Questa ricerca tuttavia è inutile in quanto l’uomo è destinato a non trovare mai appagamento al proprio desiderio.

La causa di ciò risiede nel fatto che egli aspira ad un piacere infinitonel numero, eterno nella durata e immenso nella vastità. Ma come è possibile – si chiede il poeta – aspirare ad un piacere infinito, eterno e immenso in una realtà finita, passeggera e limitata come quella in cui siamo immersi?

La risposta è irrimediabilmente negativa: non è possibile che nella realtà l’uomo possa trovare la felicità, che pertanto rimane solo nella sua immaginazione.

Sulla base di tale considerazione, Leopardi conclude che l’unica possibilità di felicità risiede nelle illusioni, quelle care illusioni che la natura propone all’uomo nell’età della giovinezza – quando egli immagina una vita felice – ma che frantuma irrimediabilmente non appena si affaccia l’età adulta.

È quell’arido vero che la natura – diventata madre matrigna – rivela per rendere l’uomo consapevole del proprio destino di infelicità.

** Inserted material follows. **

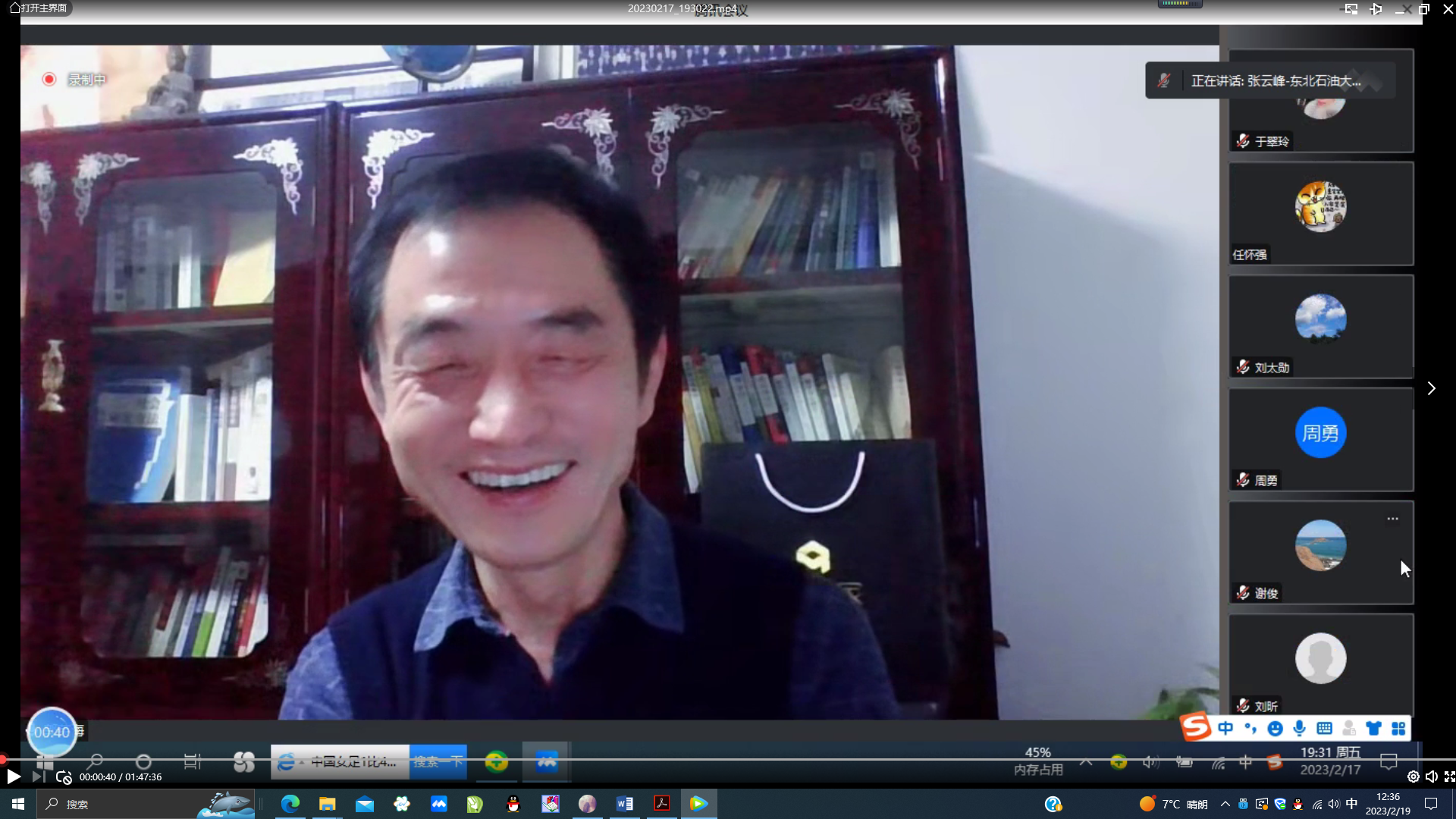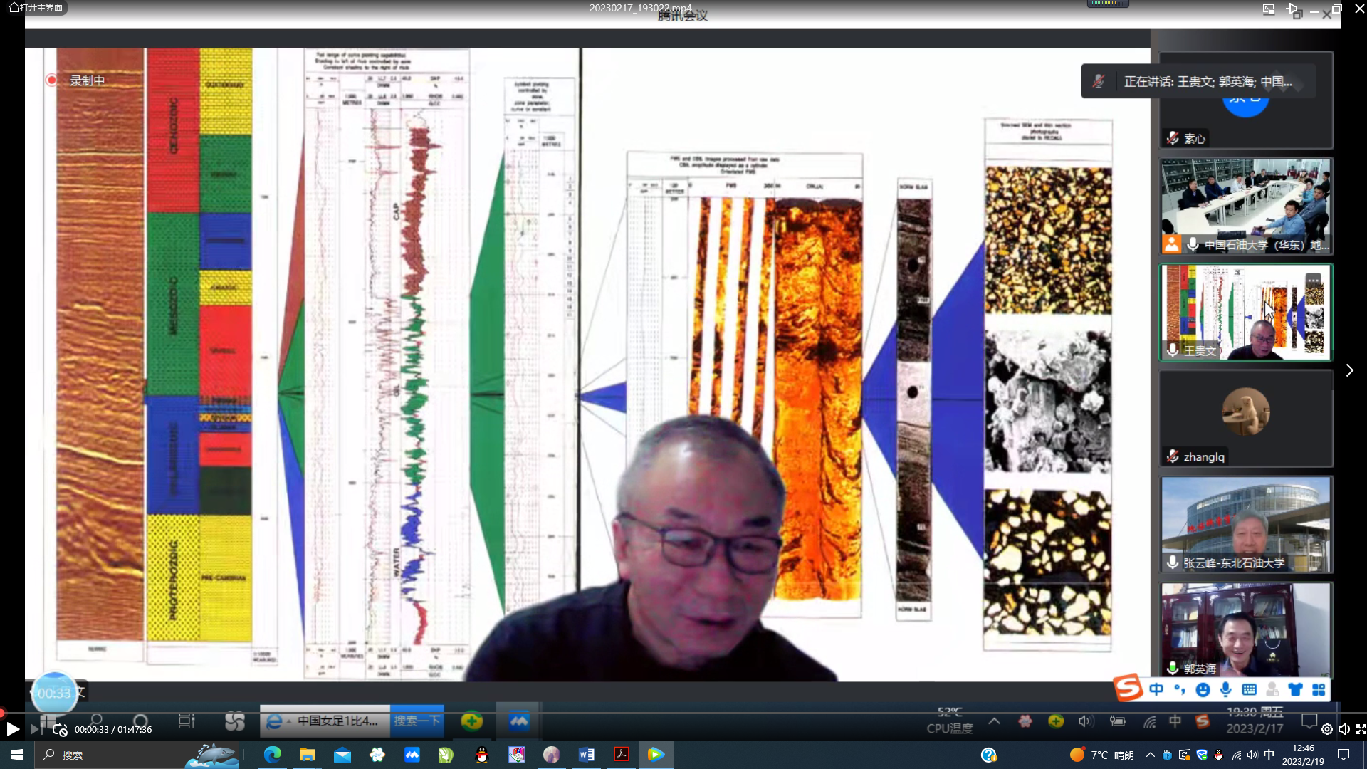 为完成课程思政示范课程数字化资源建设、加强审核把关、发掘和转化典型经验,2月17日,教育部地质学类教指委举办了“油田开发地质学”国家级课程思政示范课专家点评与交流会,也是教育部“油气田开发地质学”课程虚拟教研室的一次学习研讨会。地质学类教指委邀请了5位委员进行该课程建设资料的审核把关、会议点评与交流,本次邀请的专家包括:必赢bwin线路检测中心(华东)副校长操应长教授、中国矿业大学资源与地球科学学院郭英海教授、必赢bwin线路检测中心(北京)地球科学学院院长王贵文教授、吉林大学地球科学学院院长单玄龙教授和东北石油大学地球科学学院院长张云峰教授。我校油田开发地质课程团队以及来自山东科技大学、必赢bwin线路检测中心(北京)等兄弟高校的“教育部油气田开发地质课程虚拟教研室”骨干教师参加了本次专家点评和交流会,会议由教育部地质学类教指委副主任、必赢bwin线路检测中心(华东)副校长操应长教授主持。

La felicità risiede nell’ignoranza, nell’immaginazione, tanto che si può affermare che l’uomo primitivo e l’uomo antico erano felici perché ignoravano il vero e interpretavano la vita e la realtà attraverso il confortante ricorso al mito.

Con il passare dei secoli l’uomo, attraverso il dominio della ragione, ha scoperto il vero e si è reso conto che vive per essere felice, ma che la felicità non può mai essere raggiunta.